Матушкин зов и запах молока мешали сосредоточиться, но спеть к концу урока все слова и сделать это чётко и правильно смог лишь я один и единственный из сорока учеников Цзи Цюнчжи удостоился её щедрой похвалы. Она спросила, как меня зовут, попросила ещё раз встать и спеть. Как только она объявила, что урок окончен, в окне тут же появилась матушка со своей бутылочкой. Я не знал, как быть, а матушка сказала:
– Пей быстрее, сынок! Какой ты молодец, мама так рада за тебя!
В классе раздался приглушённый смех.
– Бери, деточка, что тут такого? – удивилась она.
Обдав нас свежестью зубного порошка, подошла Цзи Цюнчжи.

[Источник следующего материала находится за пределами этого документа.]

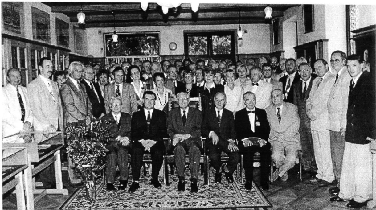
Uroczystość 60-lecia nawiązania kontaktów prof. Aleksandra Gieysztor z Płockiem i 80-lecia Jego urodzin (6 lipca 1996 r.)

lubił Płock. Już same tytuły artykułów zamieszczonych w "Notatkach Płockich" są wymowne: "Mazowsze w kulturze Polski średniowiecznej", "O Polsce a przede wszystkim o księciu Bolesławie", "Przed portalem płockiej katedry", "Urząd wojewódzkiński w Polsce i na Mazowszu".

Она совсем неофициально оперлась на указку и приветливо обратилась к стоявшей под окном матушке:
– А, это вы, почтенная тётушка! Впредь во время урока, пожалуйста, не мешайте.
От звука её голоса матушка замерла, а потом почтительно затарахтела, напряжённо вглядываясь в полумрак класса:
– Он у меня единственный сын, учительница, а хвороба эта сызмальства, ничего есть не может. Маленьким на одном моем молоке держался, теперь вот козьим спасается. В полдень надоила мало, так не наелся, боюсь, до вечера не дотянет…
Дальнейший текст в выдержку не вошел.